Strategic alliance is currently our largest project for the future. Indeed, “Tunis Ré,” leading reinsurer and a major player in the insurance sector in Tunisia and throughout the MENA region, is starting this year, the last stage of its development plan for the period 2012/2016 , namely enlargement of its shareholding to a strategic partner.

“Tunis Ré” has a certain value. It has evolved and grown significantly thanks to the dedication and expertise of its employees and the confidence and support of its partners and shareholders.

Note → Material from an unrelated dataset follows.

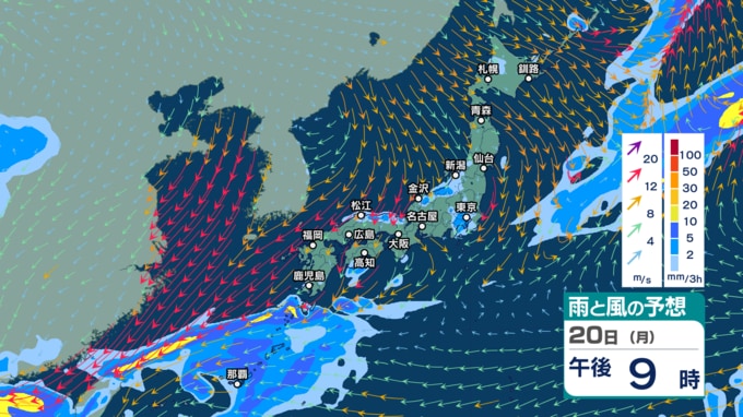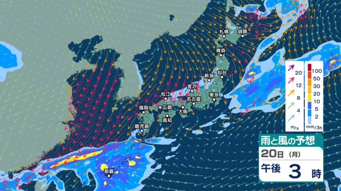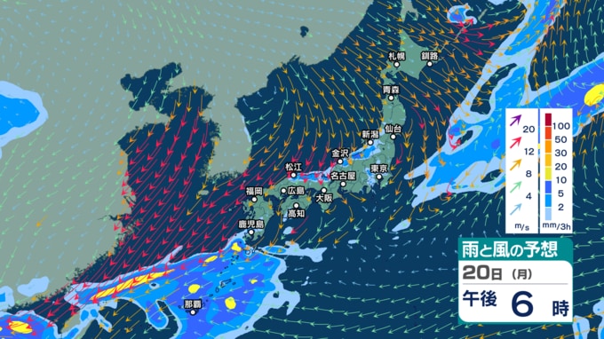 今後の雨と風のシミュレーションを見ると、きょう20日は沖縄や奄美では雨雲がかかり続ける見込みで、日本海側では雨に加えて北よりの風も強まる所がありそうです。夜は関東甲信などでも雨となるでしょう。

It has contributed throughout its thirty years of existence to market regulation, consolidation of national capacity for retention and development of a business drive with regional and international markets.

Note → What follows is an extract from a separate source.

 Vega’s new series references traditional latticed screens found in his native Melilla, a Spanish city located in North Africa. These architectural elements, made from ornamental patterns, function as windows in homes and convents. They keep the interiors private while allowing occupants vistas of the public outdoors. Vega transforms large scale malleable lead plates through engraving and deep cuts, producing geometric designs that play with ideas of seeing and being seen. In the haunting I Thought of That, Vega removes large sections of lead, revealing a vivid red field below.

Today, “Tunis Ré” needs a strategic alliance that will comfort its growth in an environment that is becoming increasingly competitive and dominated by Mega Reinsurers.

With this partnership, “Tunis Ré” would approach a new stage which will enable it to promote its performance, strengthen its capacity, consolidate its gains and build a better future.

Are there financial difficulties encountered by the Company or a problem with the Finance Act 2014?

In fact, the result of 2013, although improved compared to 2012, was heavily impacted by the creation of an additional provision for risks and charges amounting to 2.5 MTD after taxation by withholding of premiums ceded to reinsurers, nationals of countries that have not signed agreements to avoid double taxation with Tunisia, knowing that this tax has never been applied in the past.

Fortunately and after long discussions with the administration, we were able to insert new provisions in the Finance Act 2014 which established the principle of the exemption of these premiums. But the issue of the retroactivity of this exemption remains posed as it applies to 2014.

That is why we asked the administration to consider the problem of retroactivity under the supplementary finance law.

You mentioned at the financial reporting of the company that you want to integrate new African markets. Can we have more information about this project and what will be these markets?

Since its inception in 1981, “Tunis Ré” has always given its relations with Africa a privileged place, thus establishing its African dimension because of its deep belief in a common destiny and the imperative of cooperation and solidarity with its African partners.

It is in this context that “Tunis Ré” opened its representative office in Abidjan, Côte d’Ivoire, in late 2012. Our presence in Côte d’ Ivoire is part of the development of our business throughout the sub-Saharan region of Africa.

The African market is being organized, the outlook for this market is huge and this comforts us in our vision of choosing Abidjan to open our first representative office in Africa. This outsourcing will be followed by other openings which will be announced in due course.

But for now, our next expansion on the continent will build on new products such as Retakaful and micro-insurance. The Muslim population in Africa is certainly interested in Takaful coverage.